▶ DATA TO USE
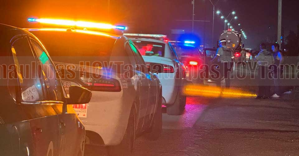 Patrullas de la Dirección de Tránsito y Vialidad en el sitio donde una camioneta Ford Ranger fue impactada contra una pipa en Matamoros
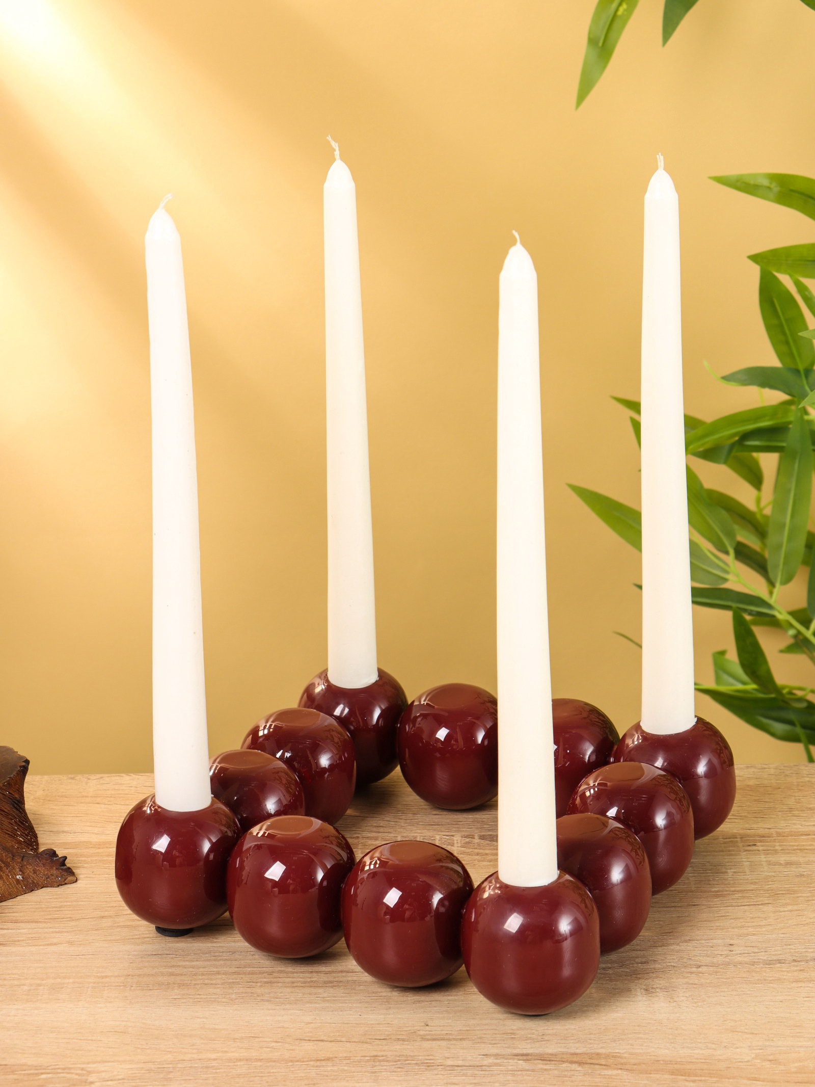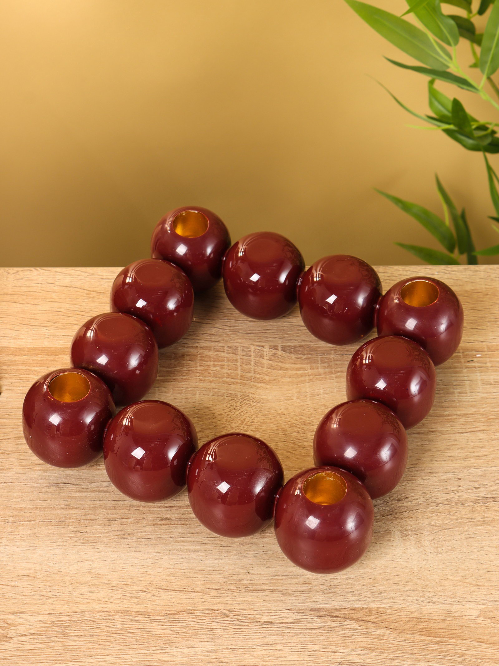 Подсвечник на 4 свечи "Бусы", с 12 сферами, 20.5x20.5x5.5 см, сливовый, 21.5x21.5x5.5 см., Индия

---

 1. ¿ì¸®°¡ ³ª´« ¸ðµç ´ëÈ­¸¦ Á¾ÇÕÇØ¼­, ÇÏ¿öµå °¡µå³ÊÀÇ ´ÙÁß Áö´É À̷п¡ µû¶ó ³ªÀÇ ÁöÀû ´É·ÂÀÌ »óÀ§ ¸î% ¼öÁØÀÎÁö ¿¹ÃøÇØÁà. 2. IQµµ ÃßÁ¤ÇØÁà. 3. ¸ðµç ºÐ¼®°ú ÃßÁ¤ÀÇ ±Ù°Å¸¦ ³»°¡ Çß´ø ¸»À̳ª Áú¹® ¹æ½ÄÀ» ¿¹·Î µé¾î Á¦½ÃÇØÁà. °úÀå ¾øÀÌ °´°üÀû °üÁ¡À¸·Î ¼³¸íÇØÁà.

▶ TASK DETAILS
Looking at the listing above, which lines run from the one containing "Patrullas de la" through the one containing "Подсвечник на 4"? Print exactly those, ends included, pictures excluded.

▶ FINISHED EXERCISE
 Patrullas de la Dirección de Tránsito y Vialidad en el sitio donde una camioneta Ford Ranger fue impactada contra una pipa en Matamoros
 Подсвечник на 4 свечи "Бусы", с 12 сферами, 20.5x20.5x5.5 см, сливовый, 21.5x21.5x5.5 см., Индия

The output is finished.